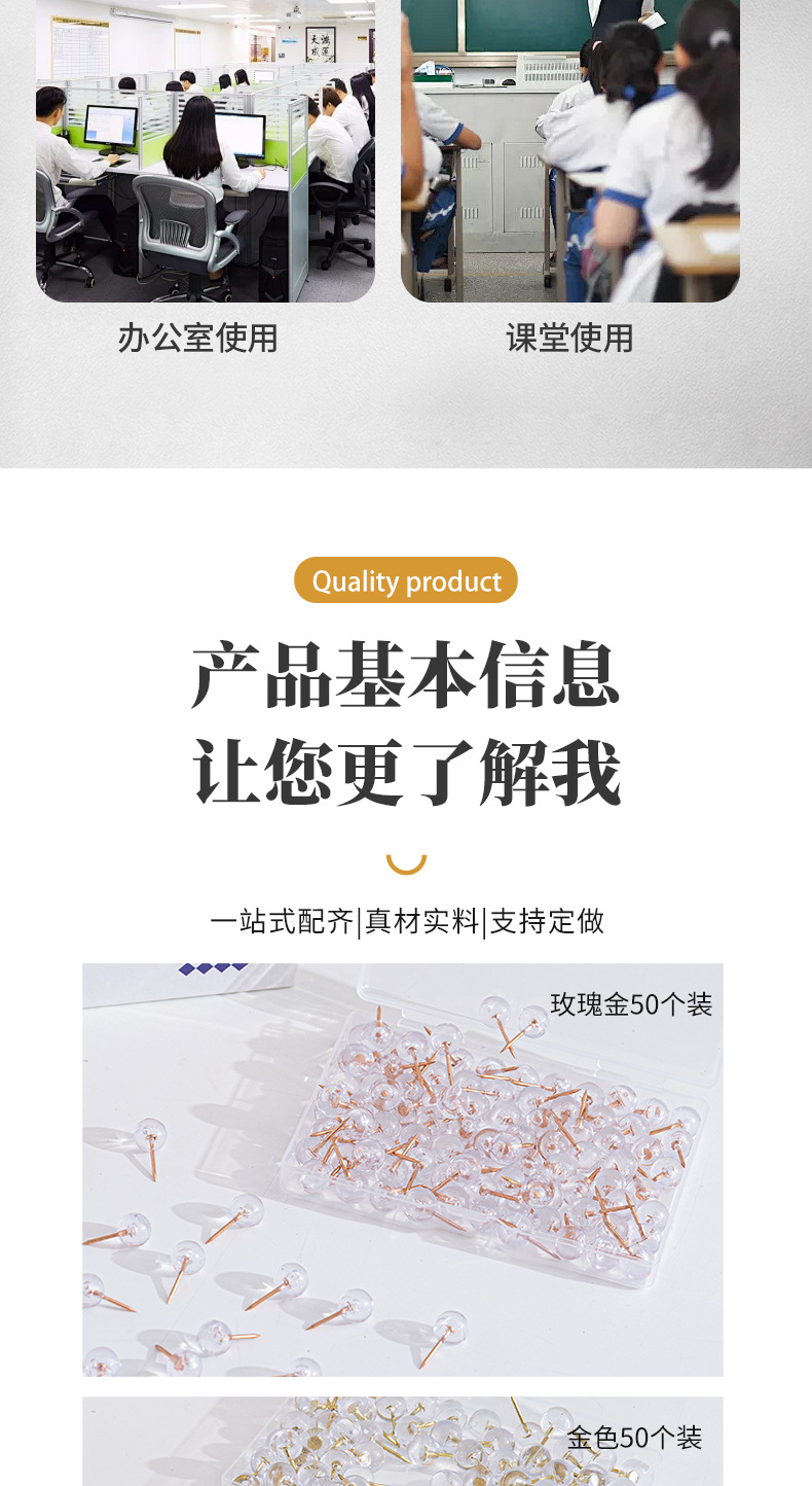 クリエイティブボール画鋲クロスボーダー金色工字釘DIYコルク板会議通知固定釘100個/箱
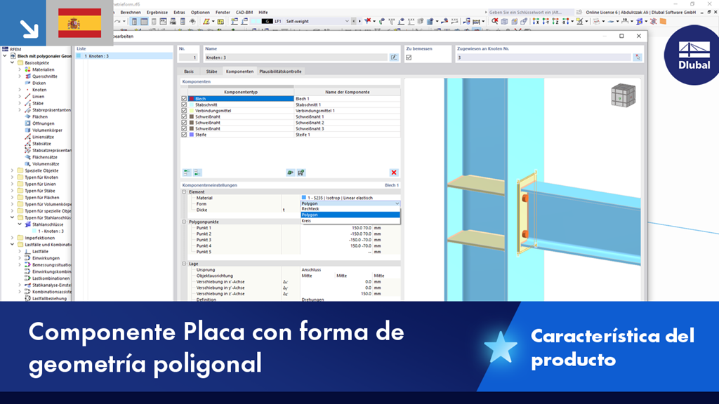 En el complemento Uniones de acero, puede disponer las placas en varias formas geométricas. Además de las formas "Rectángulo" y "Círculo", también está disponible la forma "Polígono". La forma poligonal se define introduciendo las coordenadas de los puntos.
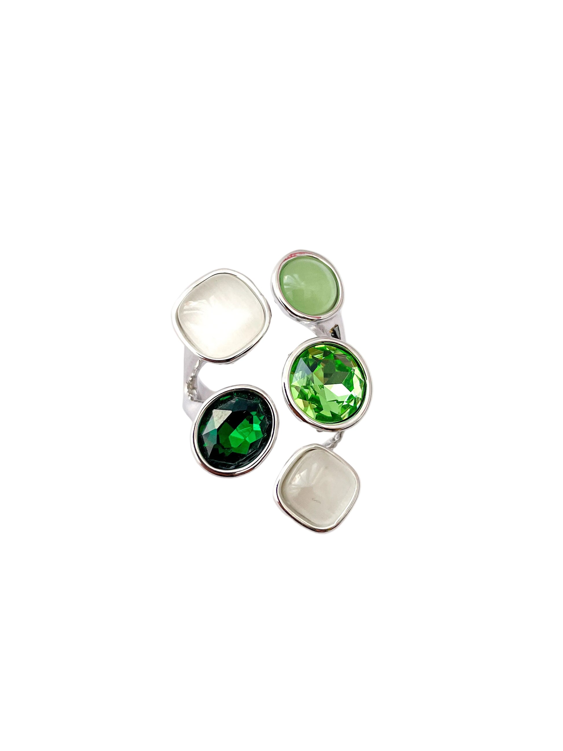 A sleek silver-tone ring featuring radiant green stones for a bold yet elegant finish. Designed to stand out, this statement ring is perfect for special occasions or adding a pop of color to everyday looks. Timeless, stylish, and effortlessly chic.

#### What you are asked to do:
The lines running from the one with "En el complemento" to the close of the material above are to be retyped exactly; no picture is to be included.

#### Completed task:
 En el complemento Uniones de acero, puede disponer las placas en varias formas geométricas. Además de las formas "Rectángulo" y "Círculo", también está disponible la forma "Polígono". La forma poligonal se define introduciendo las coordenadas de los puntos.
 A sleek silver-tone ring featuring radiant green stones for a bold yet elegant finish. Designed to stand out, this statement ring is perfect for special occasions or adding a pop of color to everyday looks. Timeless, stylish, and effortlessly chic.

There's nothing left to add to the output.